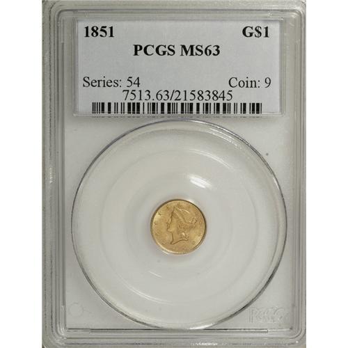 <B>1851 G$1 MS63 PCGS.</B></I> PCGS Population (426/333). NGC Census: (964/830). Mintage: 3,317,671. Numismedia Wsl. Price for NGC/PCGS coin in MS63: $770. (#7513)<BR><BR><b>Shipping:</b> Coins & Currency (<a target="_blank" href="http://www.heritageauctions.com/common/shipping.php">view shipping information</a>)
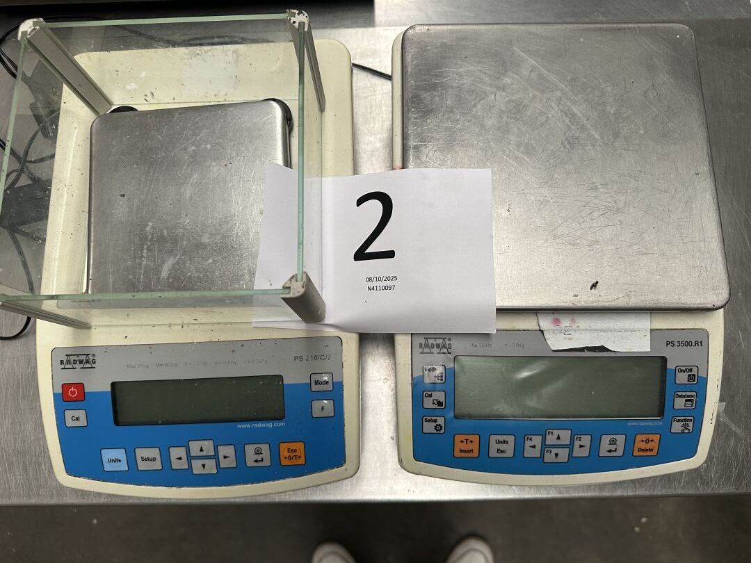 2 balances électroniques RADWAG : -1 PS 210/C/ max 210 g e : 0.01 g avec chargeur -1 PS 3500-R1 max 3500 g e : 0.01 g avec chargeur endommagé (frais de mise à disposition 10 € TTC)
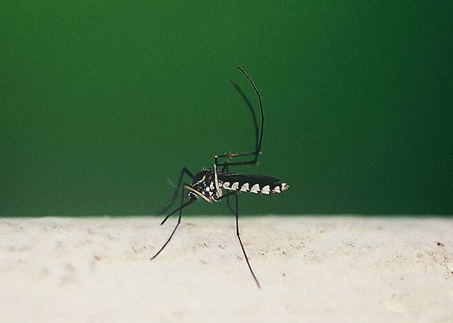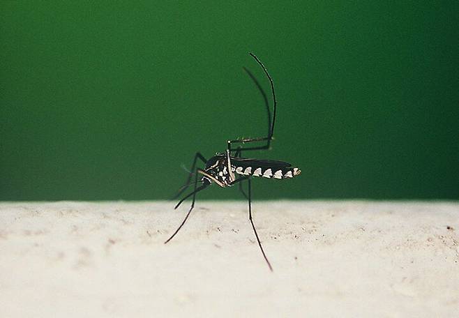 사람의 피를 빨아들이고 바이러스를 전염시키는 모기.

########

§ Exercise instructions
Where images occur in the data above, leave them out and repeat everything else exactly.

§ Answer to this task
 <B>1851 G$1 MS63 PCGS.</B></I> PCGS Population (426/333). NGC Census: (964/830). Mintage: 3,317,671. Numismedia Wsl. Price for NGC/PCGS coin in MS63: $770. (#7513)<BR><BR><b>Shipping:</b> Coins & Currency (<a target="_blank" href="http://www.heritageauctions.com/common/shipping.php">view shipping information</a>)
 2 balances électroniques RADWAG : -1 PS 210/C/ max 210 g e : 0.01 g avec chargeur -1 PS 3500-R1 max 3500 g e : 0.01 g avec chargeur endommagé (frais de mise à disposition 10 € TTC)
 사람의 피를 빨아들이고 바이러스를 전염시키는 모기.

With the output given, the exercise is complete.